King Hedley II, written in 1999 and set in the Reagan ’80s, speaks directly to the weight of history, the value of learning the past, and changing one’s circumstances for the better. Each character seeks something new in their lives, but are struck in painful ways by the legacies of people they love or the city they live in.

“[Tonya] is a woman who is looking for the confidence in her relationship, and trying to, a lot of times, reel her husband back in from making certain—probably not the best—choices in life,” says Cadessa Davis, who plays the title character’s wife in King Hedley II.

In her second play with the Jefferson School, Davis performs her role with range. Tonya’s restraint gives way to incredulity and eventually an explosive monologue that exposes both a vulnerability and fear as well as a frustration and determination to be heard.

“She can say what she wants to say to [King],” says Davis, “but that doesn’t mean he’s going to follow through with listening to her.”

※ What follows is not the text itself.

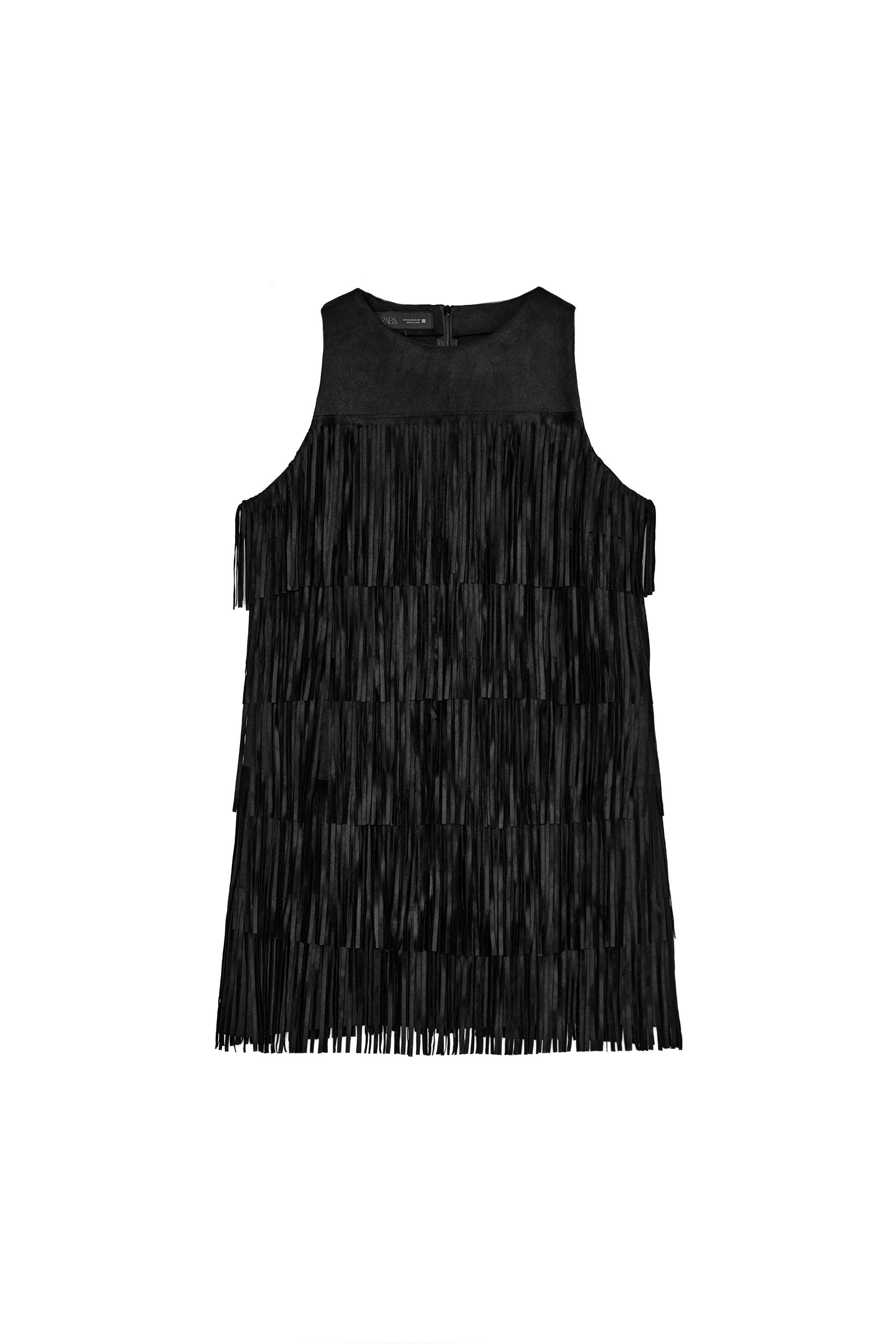 ZIMBALI PÜSKÜLLÜ SUNİ SÜET ELBİSE

Davis didn’t start acting until 2018; before performing in the Century Cycle, she had stuck to musicals. For King Hedley II, she specifically auditioned for Tonya, in whom she saw a certain defiance and an effort by the character to put her foot down.

“She is truly fighting for her marriage and for her husband to love her. She’s a total 180 from the other character that I played, Risa in Two Trains [Running],” she says. “Two different characters, but totally a lot of fun to play both, and explore my range.”

August Wilson. Photo by Rich Sugg/TNS/zumapress.org

A safe, predominantly Black rehearsal space to explore that range, via the work of a celebrated Black playwright, has been a powerful gift for the actors who have performed the Cycle at the Jefferson School.

“When you, as a person, feel fully seen, feel completely able to be who you are … absolutely, you’re going to be more willing to be vulnerable in front of people,” says Scott-Jones. “And that’s what acting is all about: being vulnerable.”

“There is a freedom there,” says Marcus. “Especially for a number of us, our experience in theater has been in predominantly white spaces, not even necessarily in predominantly diverse spaces. And understanding the context of what it’s like to live in Charlottesville, it was very, very freeing.”

As Scott-Jones and Andrea Douglas, executive director of the Jefferson School, shepherd their joint project to its conclusion, they hope the public will attend the accompanying symposium to learn more about the power of Wilson’s work.

“The classes and the conversations that we’re having apply to not just theater, they apply to literature, they apply to music, they apply to history and social studies,” says Scott-Jones. “Anybody who is involved in the arts at all should absolutely be present for some of these conversations. It’s not just talking about what we’ve done, it’s talking about the work of being a theatrical artist, being an artist, on a global level.”

“Just like Shakespeare,” she says, Wilson’s “work is absolutely transferable to anybody who watches it.”